What is required: Once the line containing "2019年8月10日,由中国" is found, please copy it and all lines after it through the end of the records, exactly, leaving out pictures.

::: Data shown :::

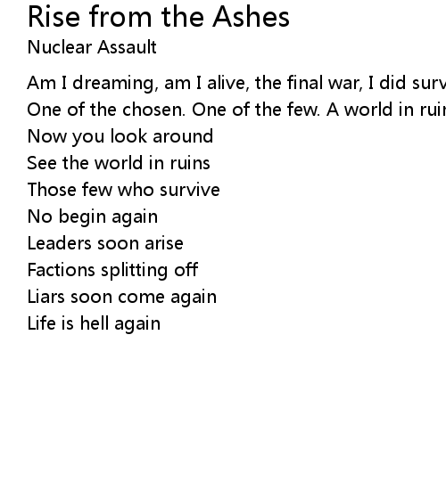 | Am I dreaming, am I alive, the final war, I did survive | |
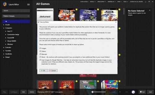 LOL, not angry at all. Since this is something to do with beta, should it not be posted here? New Feature: The Clean Up Media process has a new option to scan images for rough matches. This new option can make the clean up media process take an extremely long time, but will save you loads of disk space in your collection, especially if you download media both from the LaunchBox Games Database and from EmuMovies. The process identifies duplicate images in your collection even if they are different sizes, faded, etc. The largest duplicate image is kept, and the rest are listed for deletion. But surely not angry at all, hope it doesn't appear that way. Just reporting. Screenshots are from 2nd attempt
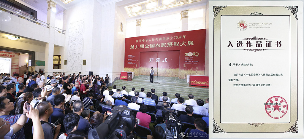 2019年8月10日,由中国文学艺术界联合会、中国摄影家协会主办的第九届全国农民摄影大展在北京民族文化宫展览馆开幕。其中庐山市摄影家协会副主席李平珍的作品《丰收的季节》(组照)获得入选。这也是九江摄影家连续多届都有作品入选全国农民摄影大展。 8、■周继根作品《百手起家》入展第27届全国摄影艺术展
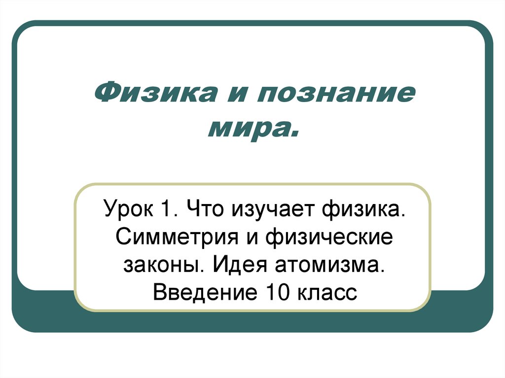 Что изучает физика? Симметрия и физические законы. Идея атомизма. Введение 10 класс
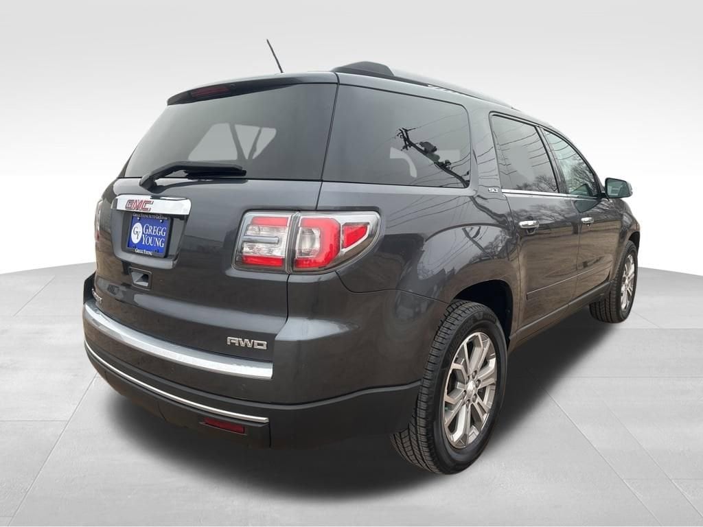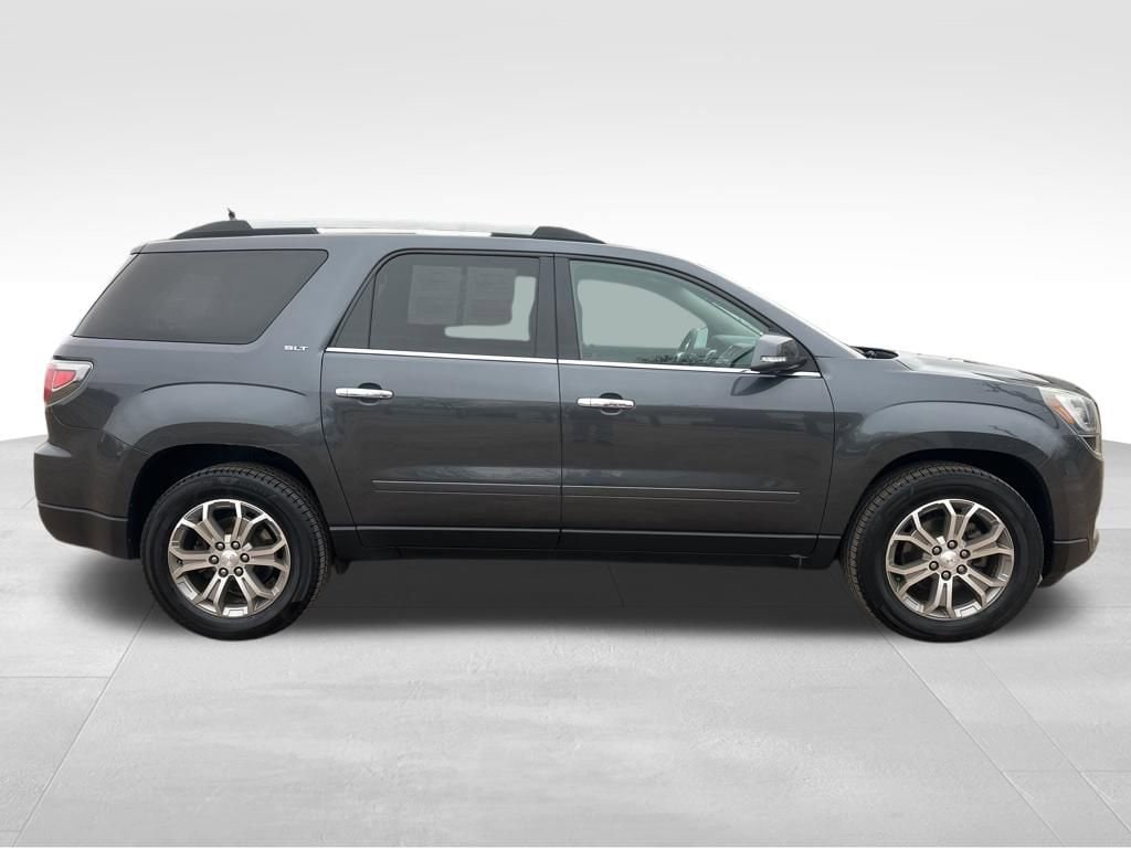 With accommodating space and functionality paired with rugged good looks, our Accident Free 2014 GMC Acadia SLT-1 AWD presented in Cyber Gray Metallic can handle your every need. Powered by a 3.6 Liter V6 that offers 288hp paired with a 6 Speed Automatic transmission. This All Wheel Drive SUV secures up to 24mpg on the highway and will take you down the highway in ease and comfort with definitive lines and curves that depict the luxury and are highlighted by 19-inch wheels and fog lamps for a bold stance that inspires confidence.

:::

Task solution:
 2019年8月10日,由中国文学艺术界联合会、中国摄影家协会主办的第九届全国农民摄影大展在北京民族文化宫展览馆开幕。其中庐山市摄影家协会副主席李平珍的作品《丰收的季节》(组照)获得入选。这也是九江摄影家连续多届都有作品入选全国农民摄影大展。 8、■周继根作品《百手起家》入展第27届全国摄影艺术展
 Что изучает физика? Симметрия и физические законы. Идея атомизма. Введение 10 класс
 With accommodating space and functionality paired with rugged good looks, our Accident Free 2014 GMC Acadia SLT-1 AWD presented in Cyber Gray Metallic can handle your every need. Powered by a 3.6 Liter V6 that offers 288hp paired with a 6 Speed Automatic transmission. This All Wheel Drive SUV secures up to 24mpg on the highway and will take you down the highway in ease and comfort with definitive lines and curves that depict the luxury and are highlighted by 19-inch wheels and fog lamps for a bold stance that inspires confidence.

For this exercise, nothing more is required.